[Records from a data source]

########################################

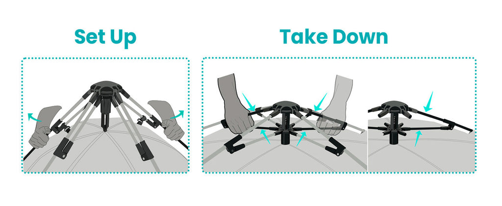 • Pop Up Beach Tent Instant Setup: no tools, no stress! 1 person can setup easily in seconds, fold the tent and push down the frame, the beach tent stand up instantly. Frustrated days of bulky tents and complicated instructions has gone!
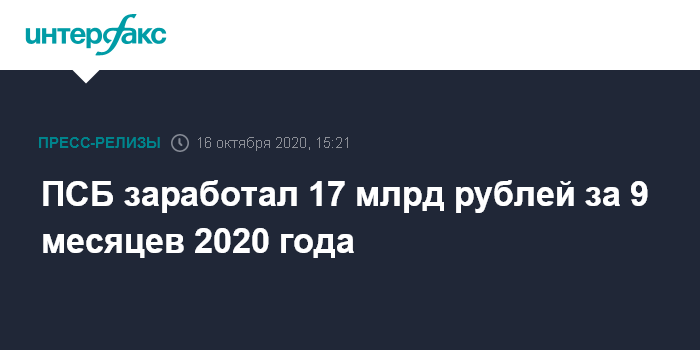ПСБ заработал 17 млрд рублей за 9 месяцев 2020 года
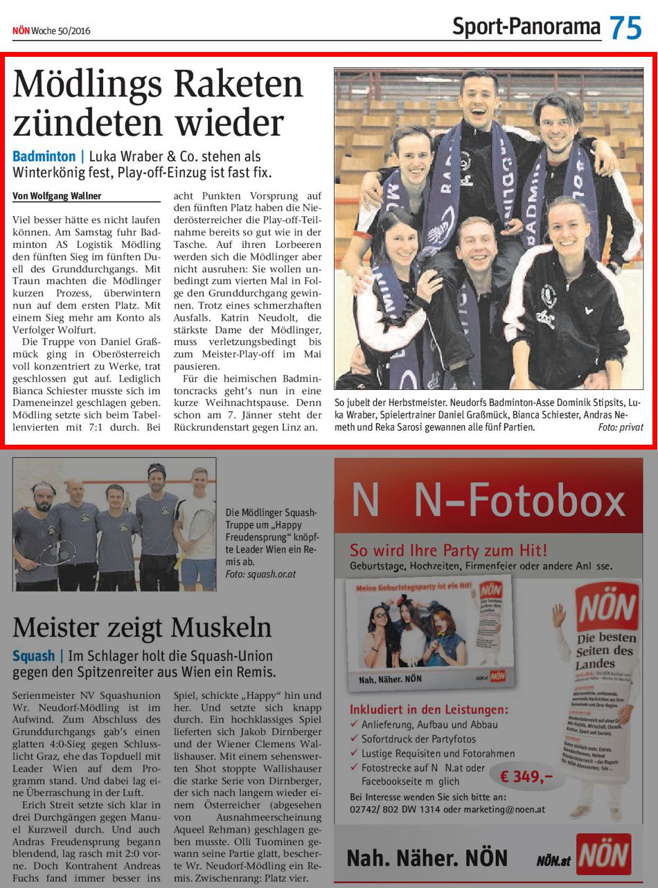 Am Wochenende vom 3. und 4. Dezember 2016 fand das 2. ÖBV C-Ranglistenturnier statt. Austragungsort war die Rundhalle Lieblgasse im 22. Wiener Gemeindebezirk. Insgesamt nahmen 28 Herren und 12 Damen am Turnier teil. Aus Mödling traten 9 SpielerInnen an: Susanne Swoboda, Gina Bäuerle, Jennifer Ludwigs, Kathrin Kollmann und Malou Schaub sowie Ernst Liska, Philipp Graßmück, Roland Sudarma und Georg Walter. Die Mödlinger brachten insgesamt 2 x Gold (Mixed, Dameneinzel), 1 x Silber (Damendoppel) und 1 x Bronze (Damendoppel) mit nach Hause, wobei hier vor allem die Damen sehr erfolgreich waren.
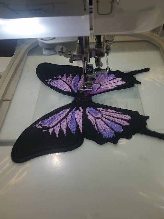 The image shows an embroidery machine stitching a vibrant butterfly design with purple and black details.
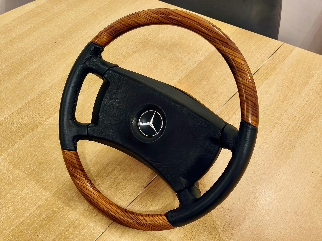 Petri W126 Zebrano Steering Wheel – Custom Mercedes-Benz OEM Wood & Leather Wheel
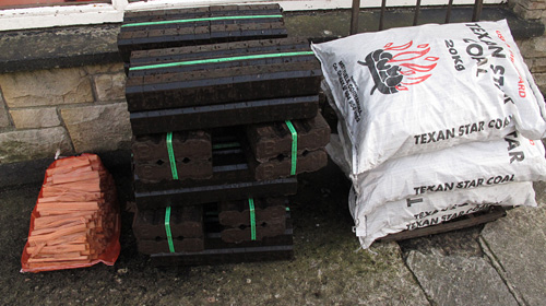 写真真ん中が、泥炭を固めて燃料キューブに加工した物
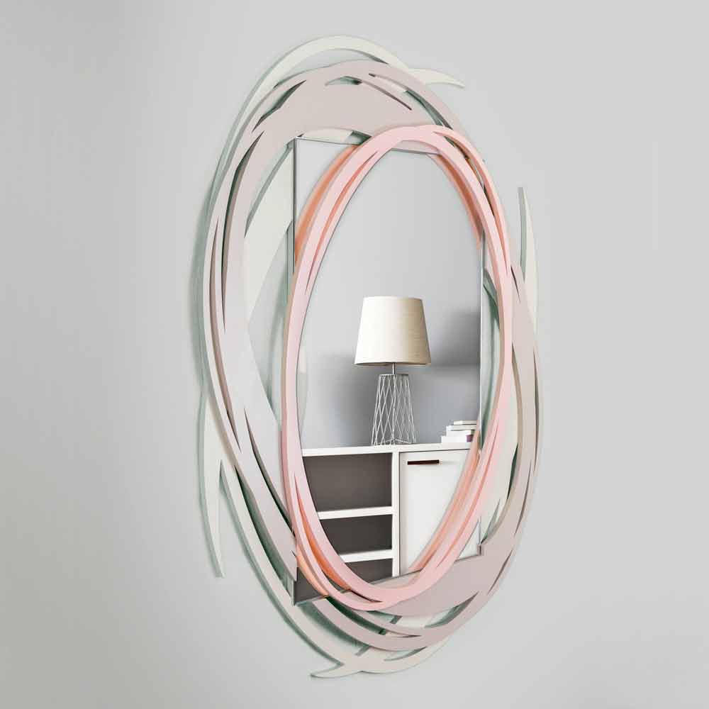 Moderne design vægspejl i farvet lakeret træ, stort og dekorativt, lavet i Italien.
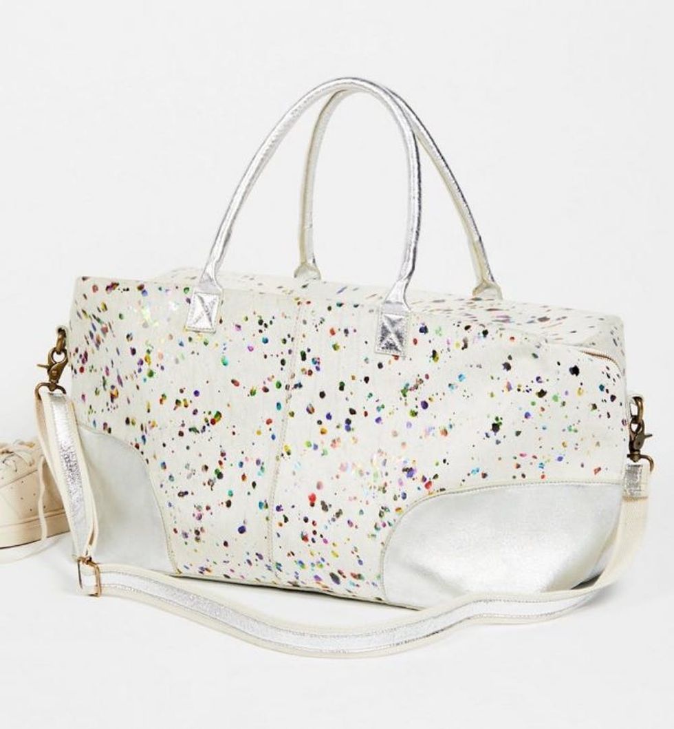 7. The host city of Art Basel loves a good splash, or splatter, of color. With a white-hot background featuring metallic accents like this Free People Rainbow Weekender ($268)? Even better.
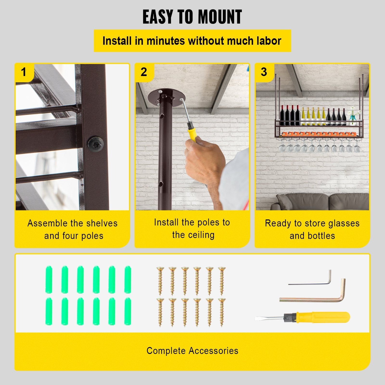 4.Convenient Installation: The simplified structure allows you to assemble this wine glass rack effortlessly, saving you a lot of time and energy. It only requires you to install the four poles and the shelf by tightening the screws, and then you need to fix the whole rack to the ceiling through the pre-drilled holes on the top of the poles. After that, our hanging rack is ready to put your wine bottles and glasses.
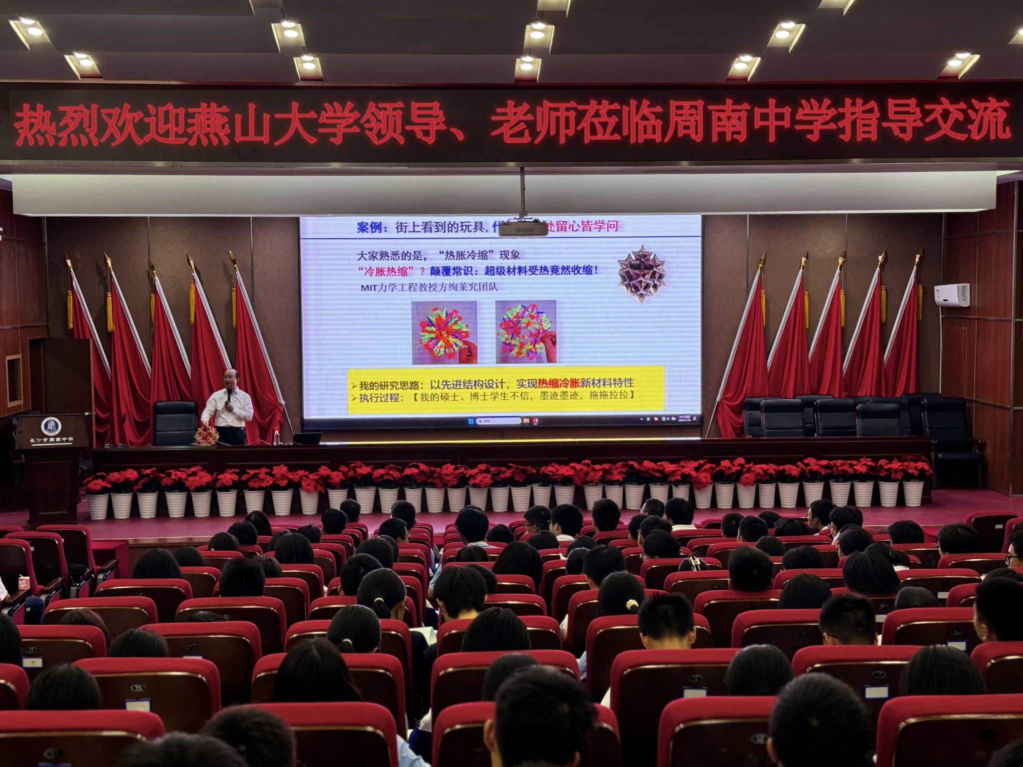 走访高中期间,文桂林一行先后走访了长沙市周南中学和湖南师大附中梅溪湖中学,与两所中学的学校领导、骨干教师进行了座谈交流,并向中学授予“优秀生源基地”牌匾。在座谈会上,文桂林首先介绍了学校的历史沿革、人才培养和近几年在湖南省的招生录取情况,同时交流了近年被我校录取的周南中学和梅溪湖中学学生的学习近况。在周南中学,文桂林以《挖掘知识的原力矿,让优秀成为习惯》为题和中学生分享读好书的乐趣以及知识驱动科技创新的力量与激情,同时详细介绍了乌鸦传媒的基本情况,会场掌声频频、反响热烈。
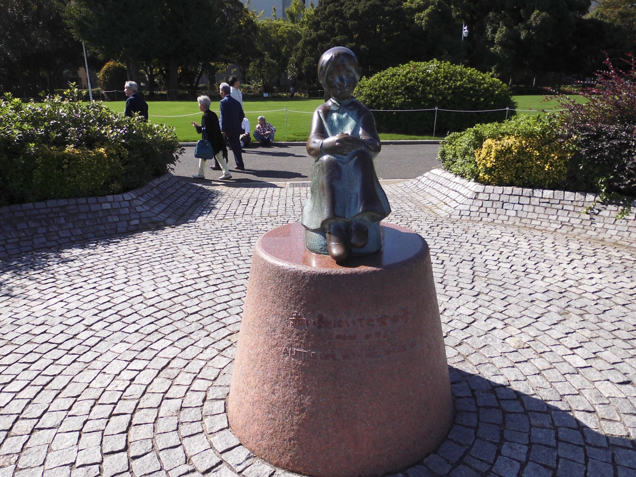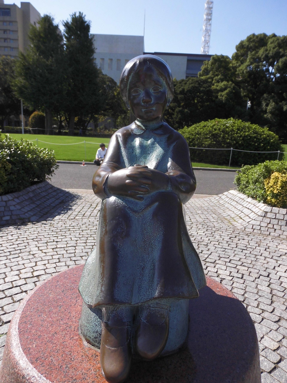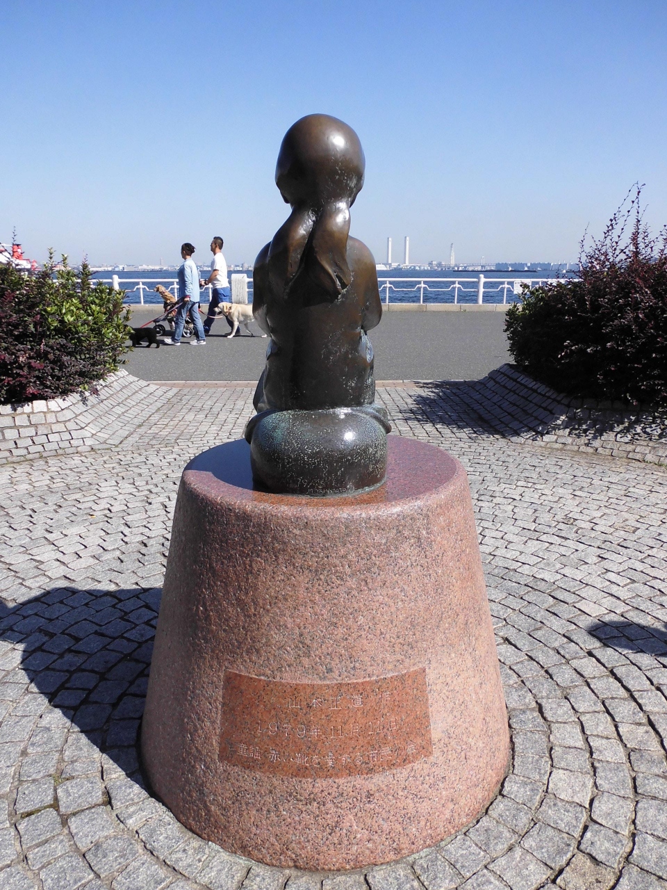 横浜港の海側に 向かって座る小さな女の子の銅像で 場所は公園の 氷川丸とインド水塔の間くらいにあります
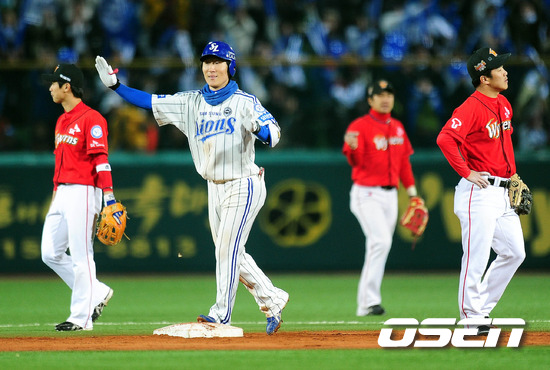 '2011 롯데카드 프로야구 한국시리즈' 2차전 삼성 라이온즈와 SK 와이번스 6회말 2사 만루 배영섭이 2타점 적시타를 치고 실책을 틈 타 2루까지 뛴 후 환호하고 있다.

########################################

▶ [Required action]
Here the job is to retype exactly the lines that start at the one containing "横浜港の海側に 向かって座る小さな女の子の銅像で 場所は公園の" and run through the end of the records above, leaving out pictures.

▶ [Answer space]
 横浜港の海側に 向かって座る小さな女の子の銅像で 場所は公園の 氷川丸とインド水塔の間くらいにあります
 '2011 롯데카드 프로야구 한국시리즈' 2차전 삼성 라이온즈와 SK 와이번스 6회말 2사 만루 배영섭이 2타점 적시타를 치고 실책을 틈 타 2루까지 뛴 후 환호하고 있다.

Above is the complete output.